Go ahead, let them be involved in soul winning. But crowd their lives with so many good causes they have no time to seek power from Christ. Soon they will be working in their own strength, sacrificing their health and family for the good of the cause. It will work! It will work!”

This Christmas season let’s not forget the essential: enjoying family and friends, but let’s focus on the essential meditating on what God did 2000 years ago.

1 John 3:16 (NLT)
We know what real love is because Jesus gave up his life for us.

Loving the Scriptures

An anonymous Christian said one day “When I was filled with the Spirit, I loved the Scriptures so much that if I could have gotten more of the Word of God inside of me by eating it, I would have eaten the Book. I literally would have taken and eaten it—leather and everything—if I could have gotten more of the Book inside my heart.”

Well, you don’t get it by eating it, but the Word of God is sweet to the Spirit-filled person because the Spirit wrote the Scriptures. The spirit of the world does not appreciate the Scriptures—it is the Spirit of God who gives appreciation of the Scriptures. One little flash of the Holy Spirit will give you more inward, divine illumination on the meaning of the text than all the commentators that ever commented.

It 1727 the Moravians who were quiet people, like you and me, but they waited and prepared their hearts, and one morning, suddenly, that which they called “a sense of the living nearness of the Savior, instantaneously bestowed,” came upon them.

Now, when the Holy Spirit is allowed to come with particular intimacy in a human soul, He never talks about Himself, but always about the Lord Jesus Christ.

Count Zinzendorf wrote that the small group of 75 German Christians arose and went out that building so happy and joyful that they did not know whether they were on earth or had gone on to heaven. The historian says that, as a result of that experience, within twenty short years those Spirit-filled Moravian Christians did more for world missions than the entire Church in all of its parts had done in 200 years.
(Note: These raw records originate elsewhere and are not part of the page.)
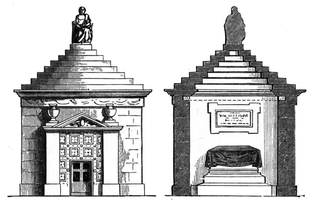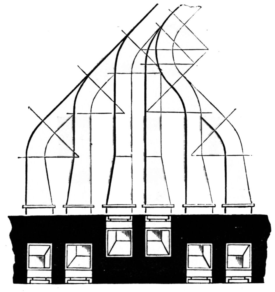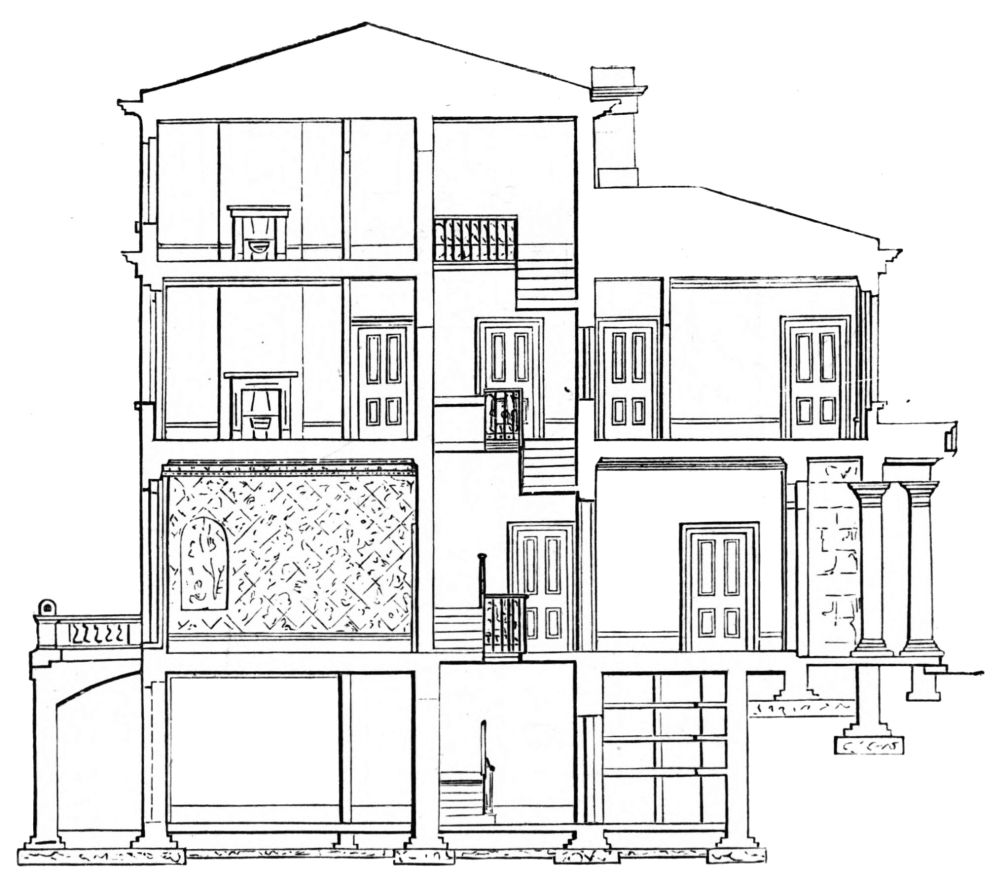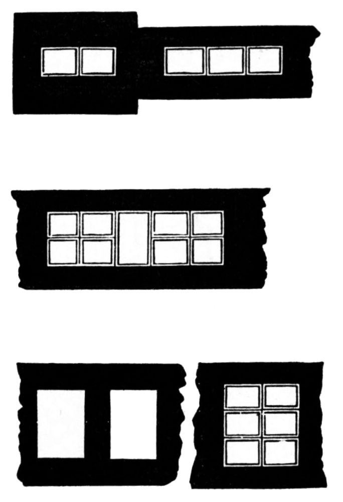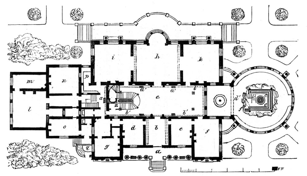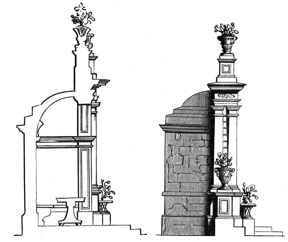 In our modern Grecian architecture large cornices are repeated, with windows ranged perfectly in the same line, and these lines often more strongly marked by a horizontal fascia. There are few breaks of any great depth; and if there be a portico, the shadow made by the columns is very trifling compared with that broad horizontal shadow proceeding from the{13} soffit (that is, the under side of the heads of apertures, architraves, and the corona of cornices). The only ornament its roof will admit, is either a flat pediment departing very little from the horizontal, or a dome still rising from a horizontal base.
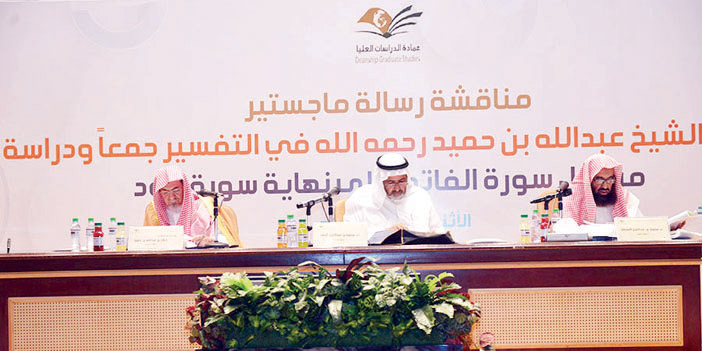 شهدت كلية التربية بالزلفي التابعة لجامعة المجمعة مناقشةً علميةً لأول رسالة ماجستير يتم تحكيمها في الجامعة تقدمت بها الطالبة سميه بنت عبدالله بن عبيد الموسى عن أقوال الشيخ عبدالله بن حميد - رحمه الله - في التفسير (جمعًا ودراسة) وتكونت لجنة المناقشة من: الأستاذ الدكتور سعود بن عبدالعزيز الحمد أستاذ التفسير في قسم الدراسات الإسلامية في الكلية مشرفًا ومقررًا ومعالي الشيخ الدكتور صالح بن عبدالله بن حميد المستشار في الديوان الملكي وإمام وخطيب المسجد الحرام مناقشًا خارجيًا والأستاذ الدكتور سليمان بن عبدالعزيز السليمان أستاذ التفسير في قسم الدراسات الإسلامية في الكلية مناقشًا داخليًا وقد استمرت المناقشة قرابة ثلاث ساعات خلت بعدها اللجنة للمداولة والحكم على الرسالة فأوصت بمنح الطالبة درجة الماجستير في القرآن وعلومه بتقدير ممتاز.
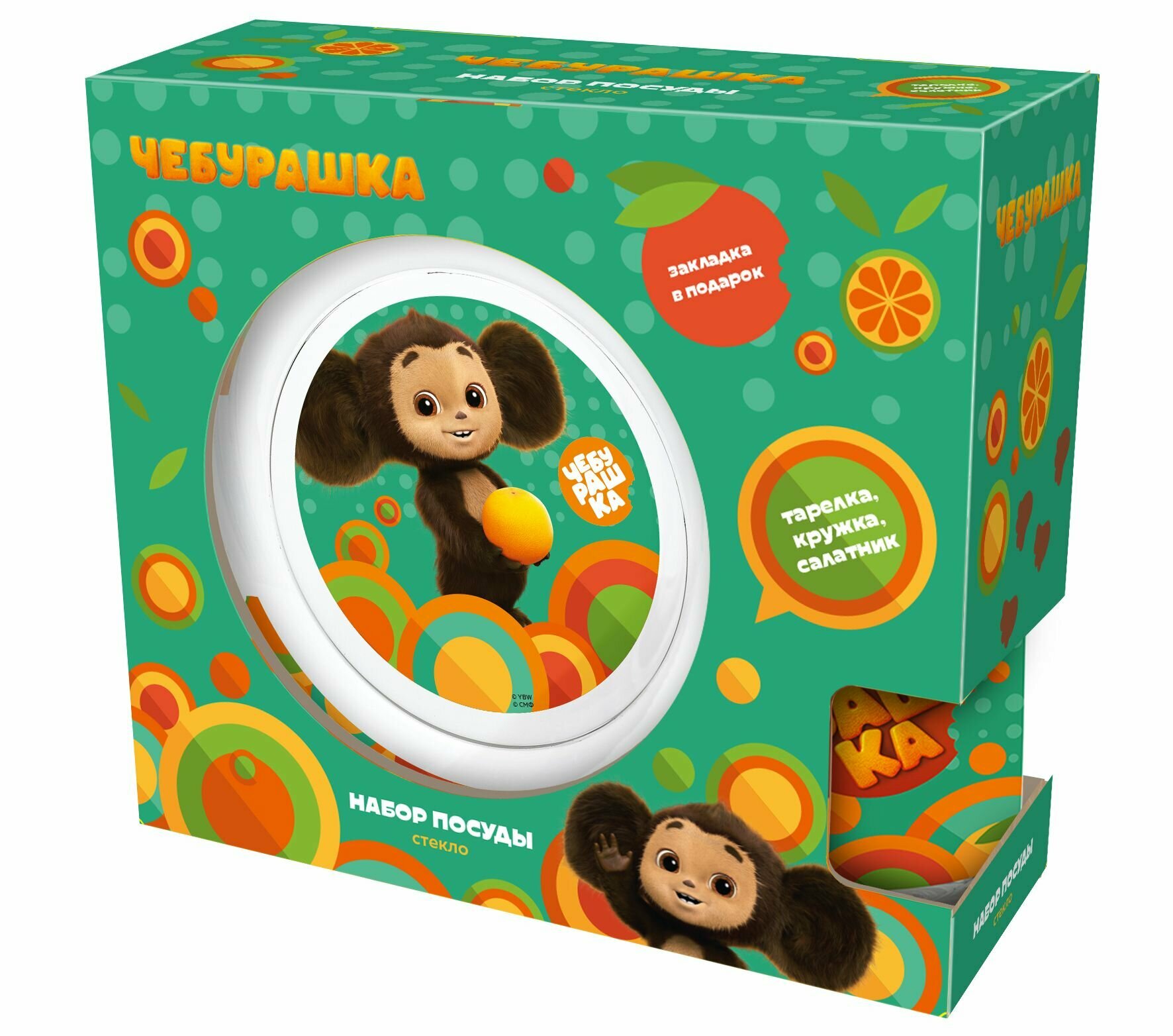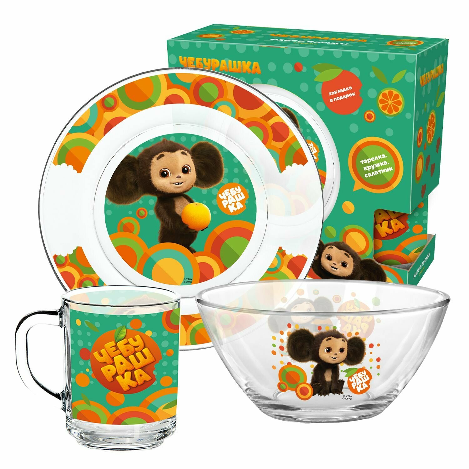 Купить Набор детской стеклянной посуды "Чебурашка", (3 предмета, подарочная упаковка, сервиз), стекло
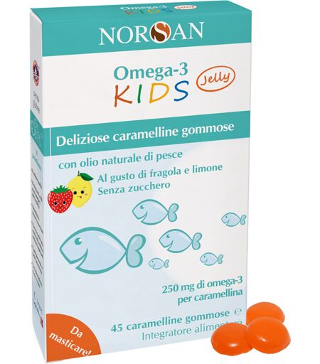 OMEGA - 3 KIDS Caramelline - Descrizione Deliziose caramelline gommose con olio naturale di pesce, da masticare. Al gusto di fragola e limone. Senza zucchero. - Ingredienti Olio naturale di pesce, dolcificanti (xilitolo e sorbitolo), acqua, gelatina, aromi naturali (fragola e limone), regolatore di… ...
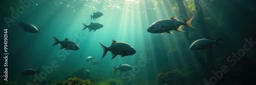 Fototapeta premium A serene underwater scene featuring a school of fish illuminated by rays of...

It made missionaries of them.

The New Testament speaks of the sense of “wonder” among the early Christians. The Church in our day seems to have lost this. I remember that Dr. R.R. Brown, of Omaha, once said to me, “God is so good to me that it frightens (amaze) me!”[1]

[1] A. W. Tozer, The Counselor: Straight Talk About the Holy Spirit from a 20th Century Prophet (Camp Hill, PA: WingSpread, 1993), 149.